» **Task details**:
Transcribe every line from the one containing "4월 미국 FOMC 금리동결" to the end of the listing, exactly as written, and leave out the pictures.

>>>>>

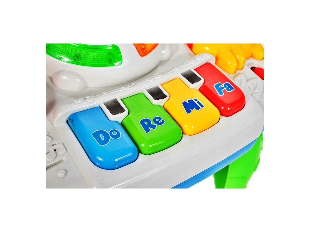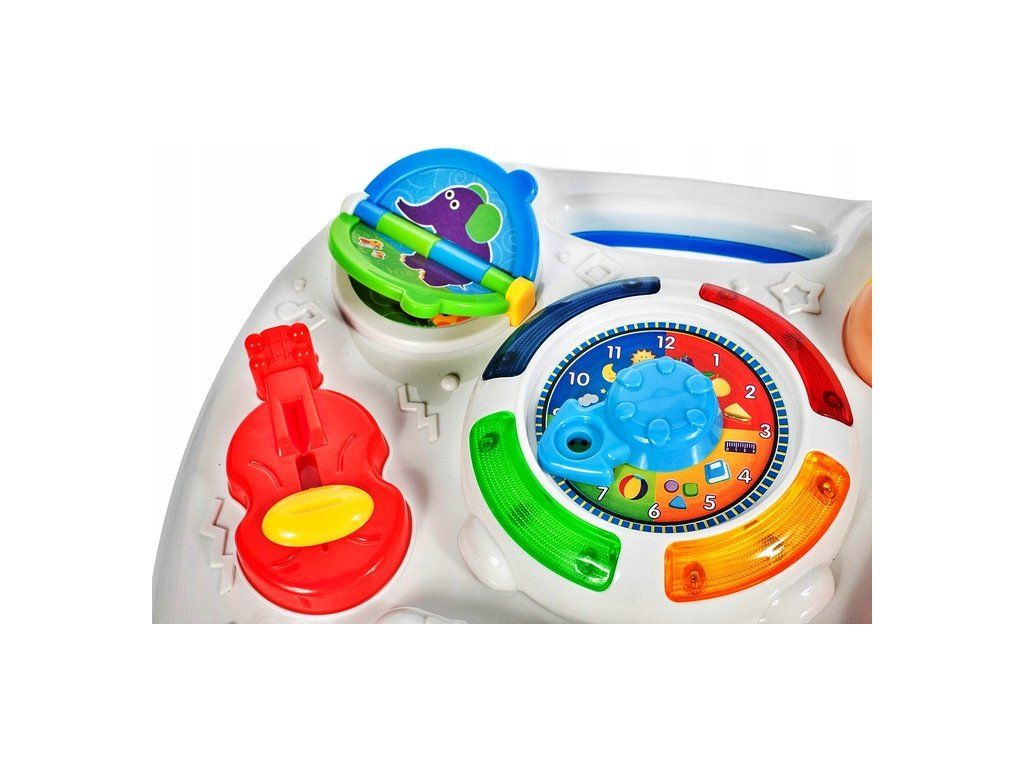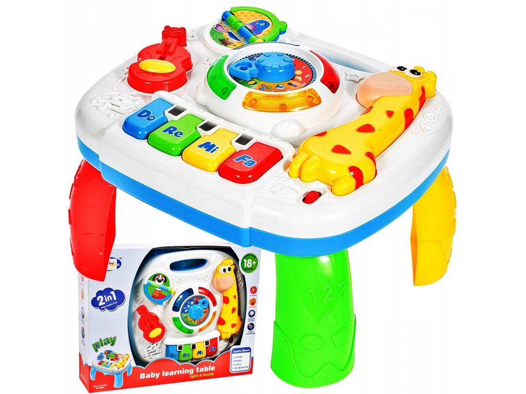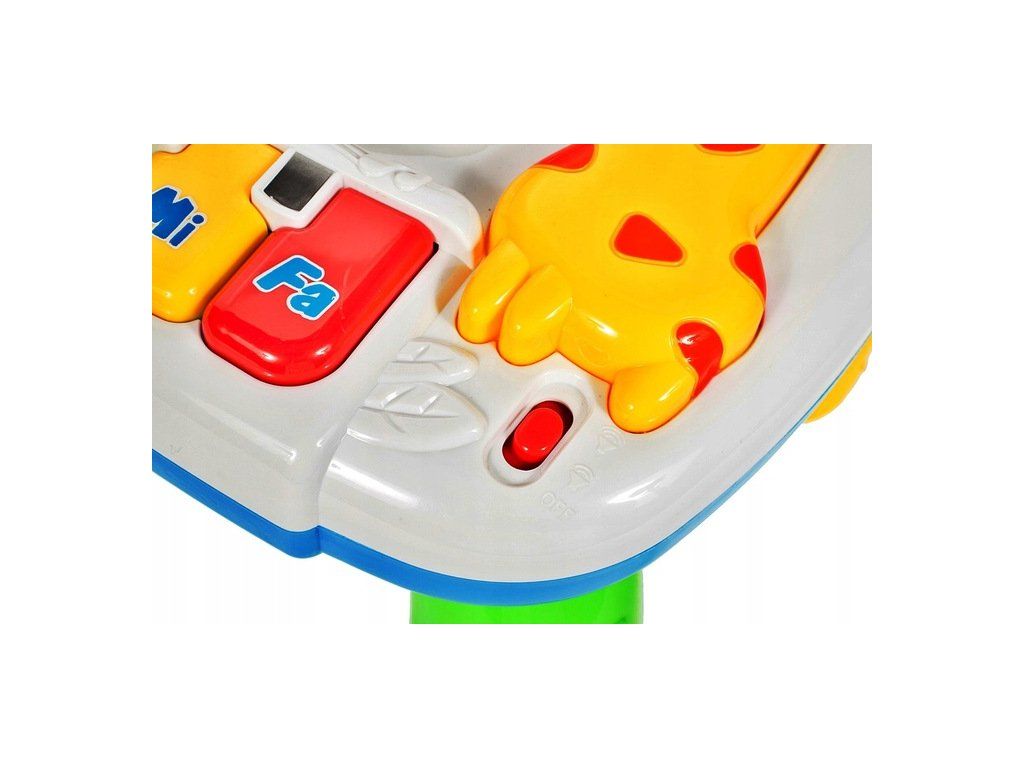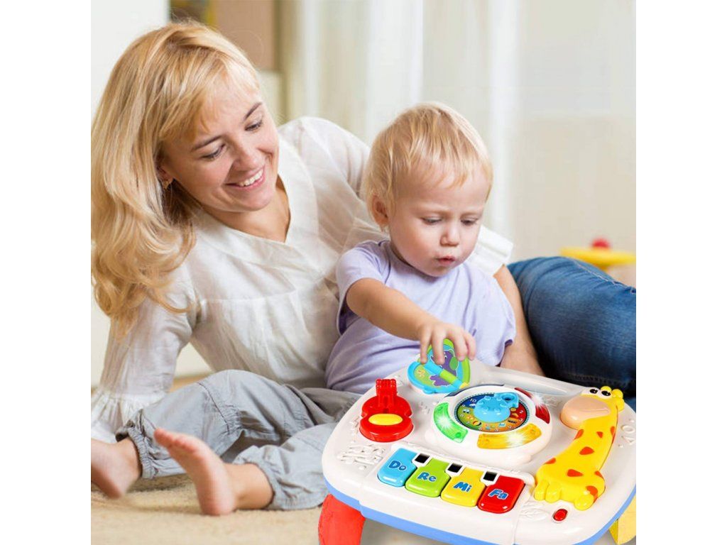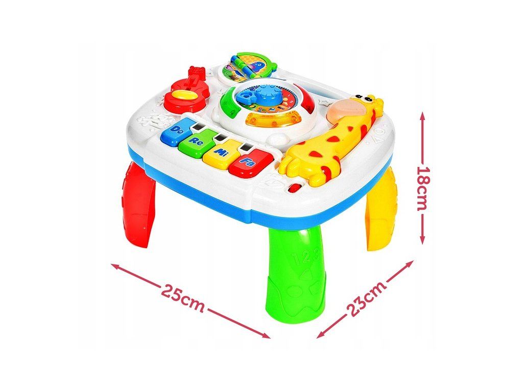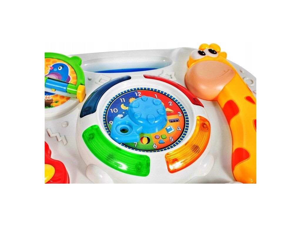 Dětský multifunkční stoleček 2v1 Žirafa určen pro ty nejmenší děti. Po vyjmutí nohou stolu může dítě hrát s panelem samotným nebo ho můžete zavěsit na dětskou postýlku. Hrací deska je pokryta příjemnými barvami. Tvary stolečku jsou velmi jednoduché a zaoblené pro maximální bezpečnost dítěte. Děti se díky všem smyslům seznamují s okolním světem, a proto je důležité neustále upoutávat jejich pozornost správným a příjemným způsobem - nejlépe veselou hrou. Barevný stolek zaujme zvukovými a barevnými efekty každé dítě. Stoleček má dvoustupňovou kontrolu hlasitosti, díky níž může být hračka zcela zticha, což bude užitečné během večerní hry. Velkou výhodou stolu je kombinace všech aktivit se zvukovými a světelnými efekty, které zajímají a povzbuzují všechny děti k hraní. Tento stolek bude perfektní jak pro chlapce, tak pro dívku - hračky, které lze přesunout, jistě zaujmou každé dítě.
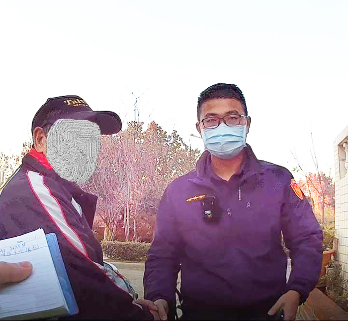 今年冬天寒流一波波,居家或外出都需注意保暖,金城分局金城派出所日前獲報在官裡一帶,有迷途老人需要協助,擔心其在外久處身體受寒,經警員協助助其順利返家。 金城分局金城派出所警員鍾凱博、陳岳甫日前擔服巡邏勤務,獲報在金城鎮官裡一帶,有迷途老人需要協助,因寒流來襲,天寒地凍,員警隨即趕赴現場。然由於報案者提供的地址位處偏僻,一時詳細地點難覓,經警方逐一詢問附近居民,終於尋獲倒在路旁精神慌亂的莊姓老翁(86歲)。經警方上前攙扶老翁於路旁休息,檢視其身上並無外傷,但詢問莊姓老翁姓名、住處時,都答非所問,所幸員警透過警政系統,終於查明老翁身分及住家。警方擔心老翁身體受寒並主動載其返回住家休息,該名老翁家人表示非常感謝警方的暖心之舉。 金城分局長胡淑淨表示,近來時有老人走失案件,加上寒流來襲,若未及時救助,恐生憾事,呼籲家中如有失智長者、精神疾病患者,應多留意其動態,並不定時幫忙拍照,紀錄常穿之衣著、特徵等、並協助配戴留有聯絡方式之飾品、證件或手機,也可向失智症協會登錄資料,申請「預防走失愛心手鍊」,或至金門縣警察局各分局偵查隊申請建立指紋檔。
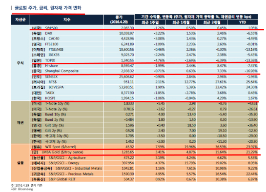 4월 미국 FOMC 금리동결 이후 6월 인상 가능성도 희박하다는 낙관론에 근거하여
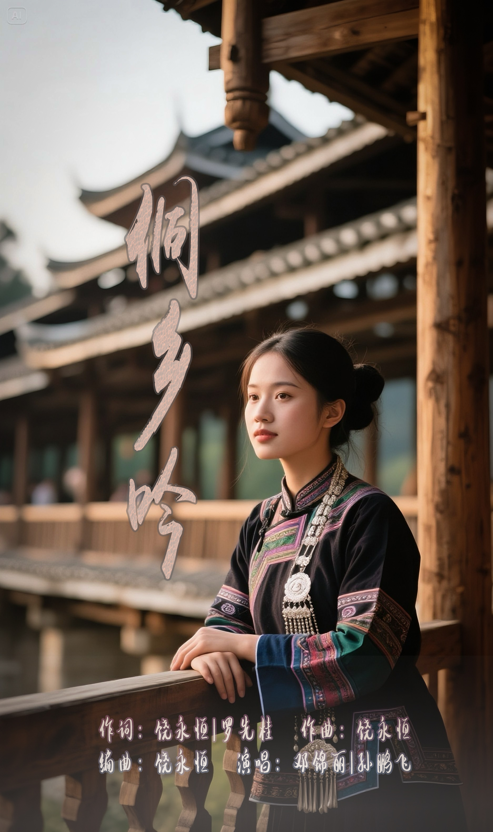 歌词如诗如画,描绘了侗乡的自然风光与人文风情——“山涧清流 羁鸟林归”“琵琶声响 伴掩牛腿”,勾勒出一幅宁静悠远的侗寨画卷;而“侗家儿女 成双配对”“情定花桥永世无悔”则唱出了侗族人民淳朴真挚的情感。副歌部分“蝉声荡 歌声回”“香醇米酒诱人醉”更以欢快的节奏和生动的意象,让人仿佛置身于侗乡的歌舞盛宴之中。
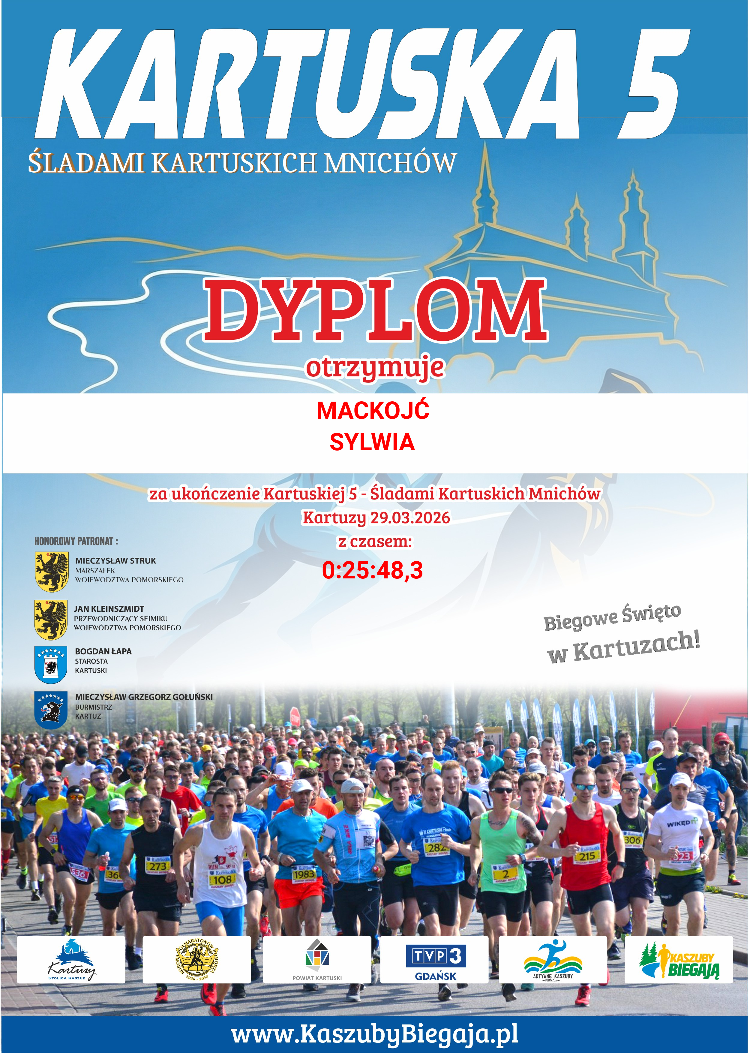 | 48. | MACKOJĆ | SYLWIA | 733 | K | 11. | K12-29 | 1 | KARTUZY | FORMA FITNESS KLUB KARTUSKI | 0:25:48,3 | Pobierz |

<<<<<

» **Exercise response**:
 4월 미국 FOMC 금리동결 이후 6월 인상 가능성도 희박하다는 낙관론에 근거하여
 歌词如诗如画,描绘了侗乡的自然风光与人文风情——“山涧清流 羁鸟林归”“琵琶声响 伴掩牛腿”,勾勒出一幅宁静悠远的侗寨画卷;而“侗家儿女 成双配对”“情定花桥永世无悔”则唱出了侗族人民淳朴真挚的情感。副歌部分“蝉声荡 歌声回”“香醇米酒诱人醉”更以欢快的节奏和生动的意象,让人仿佛置身于侗乡的歌舞盛宴之中。
 | 48. | MACKOJĆ | SYLWIA | 733 | K | 11. | K12-29 | 1 | KARTUZY | FORMA FITNESS KLUB KARTUSKI | 0:25:48,3 | Pobierz |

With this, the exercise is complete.